Stress Can Trigger a Heart Attack
Links Between Stress and Heart Attack Revealed
Two recent studies shed light on the persistent link between stress and sudden heart attacks. In one, a group of German researchers found that as your stress level rises, so do your levels of disease-promoting white blood cells.
Dr. Matthias Nahrendorf explains:
“High levels of white blood cells may lead to progression of atherosclerosis, plaque rupture and myocardial infarction. The latter implies that a part of the heart muscle, which pumps the blood with every beat, dies off.

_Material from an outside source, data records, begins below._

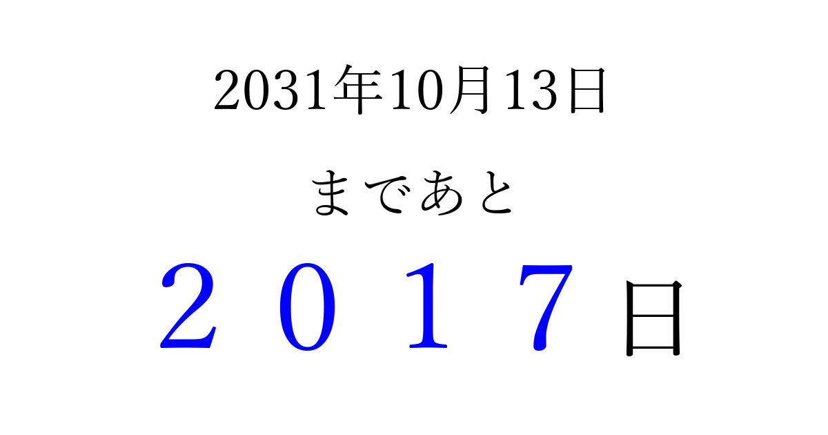 2031年10月13日(月)まで あと 9999 日です 追加すると、トップページからすぐ選べるようになります ※2026/04/05現在の結果です。 最新の状態に更新する ↓シェアして、タイムライン上にカウントダウンを表示しよう!↓ 📤 この結果を共有する Tweet シェア Threads Bluesky 別の日付でカウントダウン 2031年10月のカレンダー このページをブックマークに追加すると、いつでもカウントダウンを確認できます。 (PC: Ctrl+D / Mac: ⌘+D) hitome-notes.comでは以下のページも運営しています。 指定日と期間から日付を計算 | ガチャ確率計算・シミュレーション | プライバシー・ポリシー 運営者:Avocado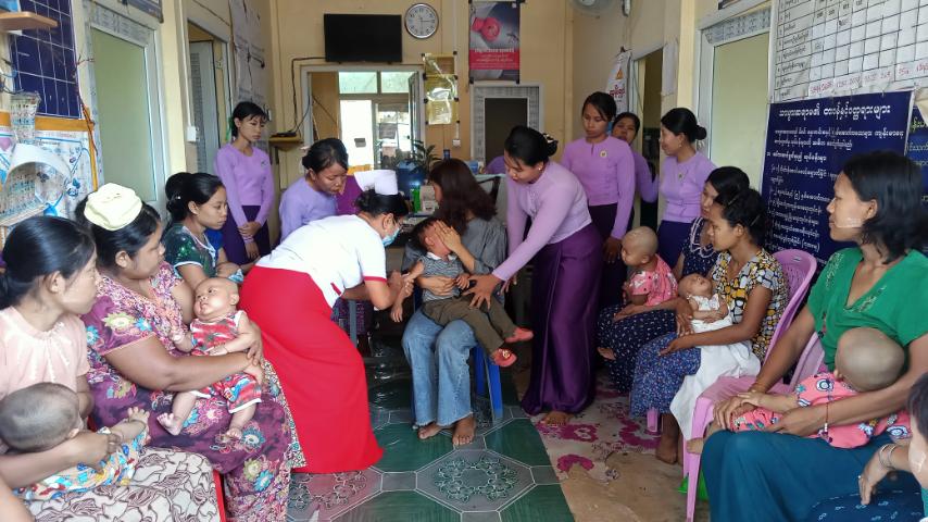အဆိုပါ ပုံမှန်ကာကွယ်ဆေးထိုးနှံ တိုက်ကျွေးခြင်းလုင်ငန်းများဆောင်ရွက်ရာတွင် ကိုယ်ဝန်ဆောင်မိခင်နှင့် အသက်(၂)နှစ်အောက်ကလေးများအား အဆုတ်ရောဂါကာကွယ်ဆေး၊ ငါး မျိုးစပ်၊ ဆုံဆို့၊ ကြက်ညှာ၊ အသည်းရောင်အသားဝါ၊ ဦးနှောက်အမြှေးရောင်၊ နမိုးနီးယား ကာကွယ် ဆေး၊ ပိုလီယိုသောက်ဆေးနှင့်ထိုးဆေး၊ မေးခိုင်ရောဂါ ကာကွယ်ဆေး၊ ဝမ်းရောဂါကာကွယ်ဆေးများ ထိုးနှံတိုက်ကျွေးခြင်းကို အလှည့် ကျစနစ်ဖြင့် ရပ်ကွက်/ကျေးရွာများသို့ ကွင်းဆင်း၍ ကျန်းမာရေးဝန်ထမ်းများကအကြိမ်ရေအလိုက် ထိုးနှံပေးလျက်ရာ မြို့နယ်မိခင်နှင့်ကလေးစောင့်ရှောက်ရေးအသင်းဥက္ကဋ္ဌနှင့် အဖွဲ့ဝင်များကာကွယ်ဆေးထိုးနှံရန် ရောက်ရှိလာသူများအား ကျန်းမာရေးအသိပညာပေး လက်ကမ်းစာစောင်များအား ဖြန့်ဝေကာ ကာကွယ်ဆေးထိုးနှံပေးခြင်းအား ကူညီဆောင်ရွက်ပေးလျက်ရှိကြောင်း သိရသည်။
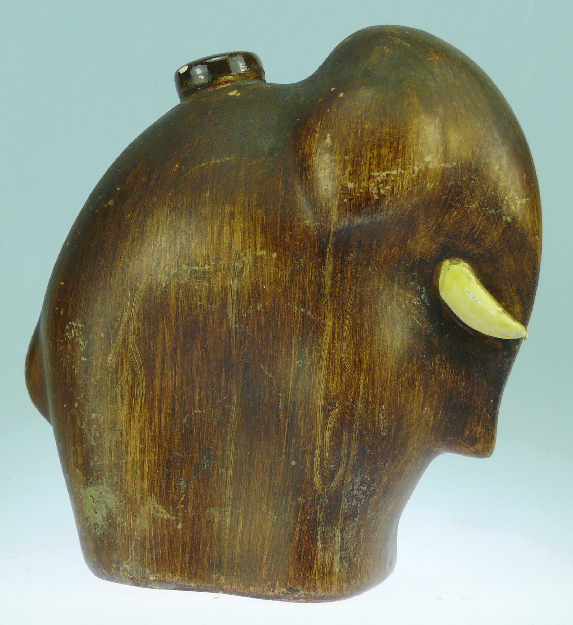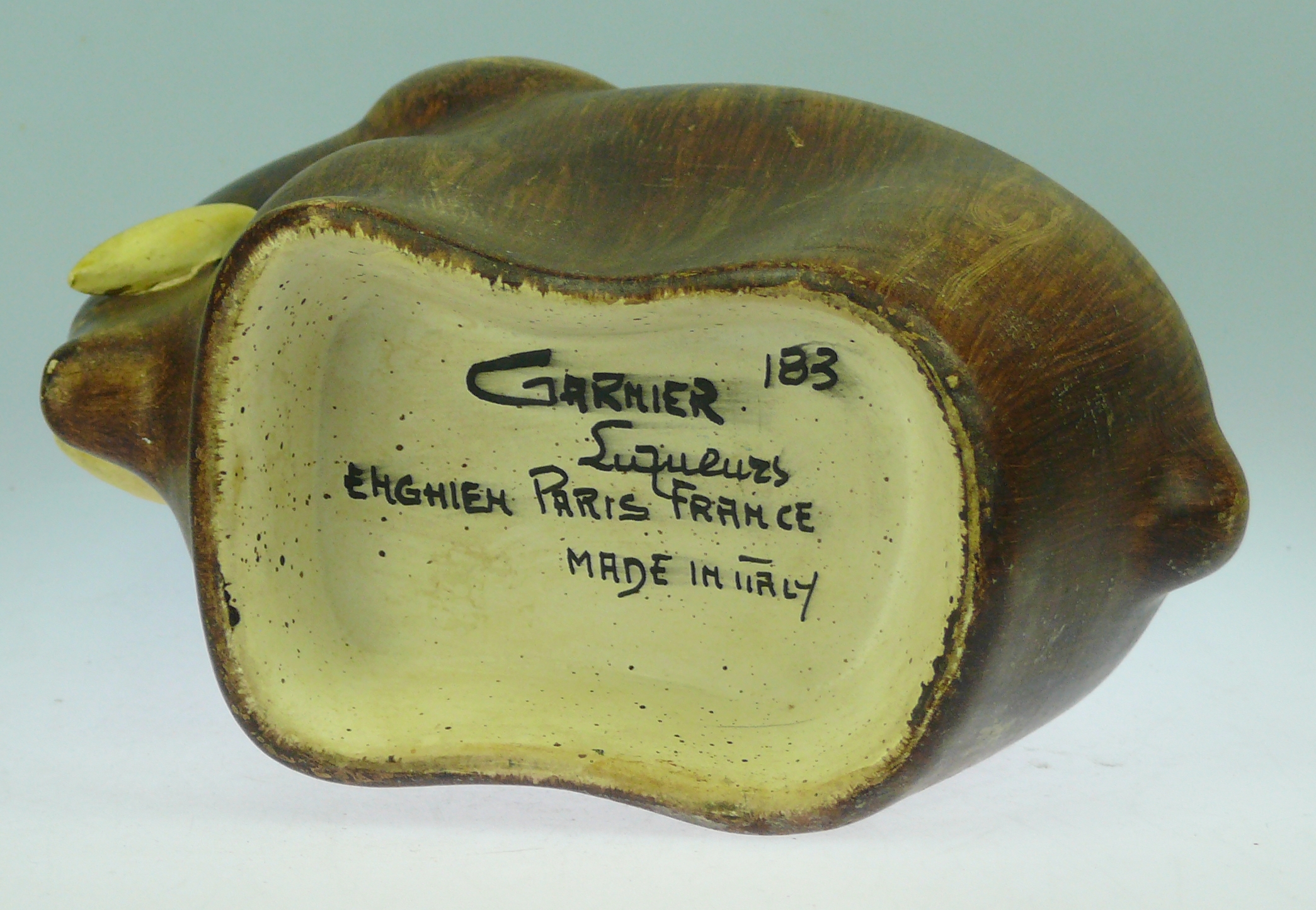 Avers : Bouteille en céramique émaillée représentant un éléphant très simplifié. Peinture marron foncé avec finition d’aspect bois donnant un effet très moderne au flacon. Manque le bouchon. cette bouteille est inscrite en dessous : GARNIER Liqueurs 183 – ENGHIEN PARIS FRANCE – MADE IN ITALY. Elle est répertoriée à la page 202 sous le numéro Gar-183 dans l’ouvrage : Catalogue Raisonné, « Les bouteilles Garnier Liqueurs », aux Editions : Monnaies d’Antan.17 cm
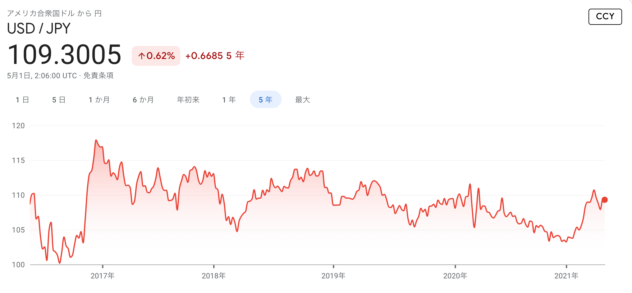 前月が110.7円なので1円ほどの円高。ずっと100円から110円あたりで安定しています。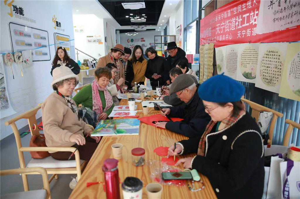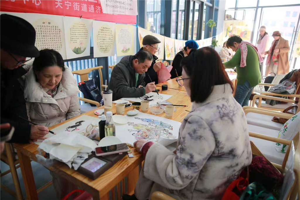 当红底洒金的春联遇上冬日的温馨暖阳,当笔墨丹青的雅致碰撞邻里相聚的热闹,一场名为“柴米油盐酱醋茶·岁暖影像”暨“墨韵送福至”的迎新春活动,在天宁街道社区公共文化空间温情启幕。近20名来自常州老年大学书画文史学院、常州老年书画研究会青山分会、常州市社科基地大运河81号艺术微展馆的老师,或挥毫泼墨或手持相机,将百姓的日常烟火融入一幅幅书画、人文摄影的创作中……通济桥社区、常州市海棠社会工作服务中心为本次活动助力,让这小小爱心驿站成为文化传递的枢纽。在新春将至之际,为通济桥社区注入了浓浓的年味与暖意。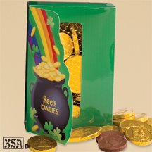 Strike it rich with See's tasty Milk Chocolate Gold Coins in a colorful St. Patrick's Day box.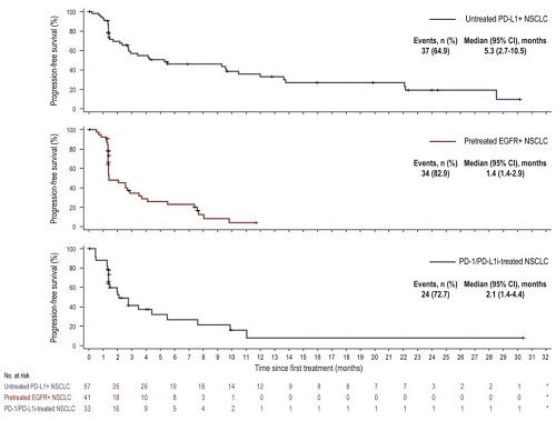 该I期研究(NCT03774979)分为剂量递增和剂量扩展2部分试验,随后在不同肿瘤类型、基因突变或既往经治的多个队列中进行临床扩展研究。本次ESMO ASIA大会中展示了3个NSCLC临床扩展队列的结果。队列1纳入未接受全身化疗,PD-L1 TPS≥1%的患者;队列2纳入既往接受至少一线EGFR TKI标准治疗失败的EGFR敏感突变患者,接受标准治疗耐药或没有有效标准治疗的方案的EGFR突变患者;队列3纳入既往接受抗PD-1/PD-L1单抗治疗后进展且最多接受3线治疗的患者。符合条件的患者给予SHR-1701 30 mg/kg,每3周1次。主要终点为客观缓解率ORR(RECIST v1.1)。次要终点为安全性、最大耐受剂量(MTD)及II期推荐剂量(RP2D)。

This may cause heart failure, either right away if the infarct is large, or later on through maladaptive processes. The heart tries to compensate for the loss of contractile muscle tissue but over time this compensation leads to a larger heart, which is weaker.”
Another study, published in the online open-access journal mBiofound yet another way for sudden stress, emotional shock, or overexertion, to trigger a heart attack.
During moments of high stress, your body releases hormones such as norepinephrine, which the researchers claim can cause the dispersal of bacterial biofilms from the walls of your arteries. This dispersal can allow plaque deposits to suddenly break loose, thereby triggering a heart attack.
Stress contributes to heart disease in other ways as well. Besides norepinephrine, your body also releases other stress hormones that prepare your body to either fight or flee. One such stress hormone is cortisol.
When stress becomes chronic, your immune system becomes increasingly desensitized to cortisol, and since inflammation is partly regulated by this hormone, this decreased sensitivity heightens the inflammatory response and allows inflammation to get out of control.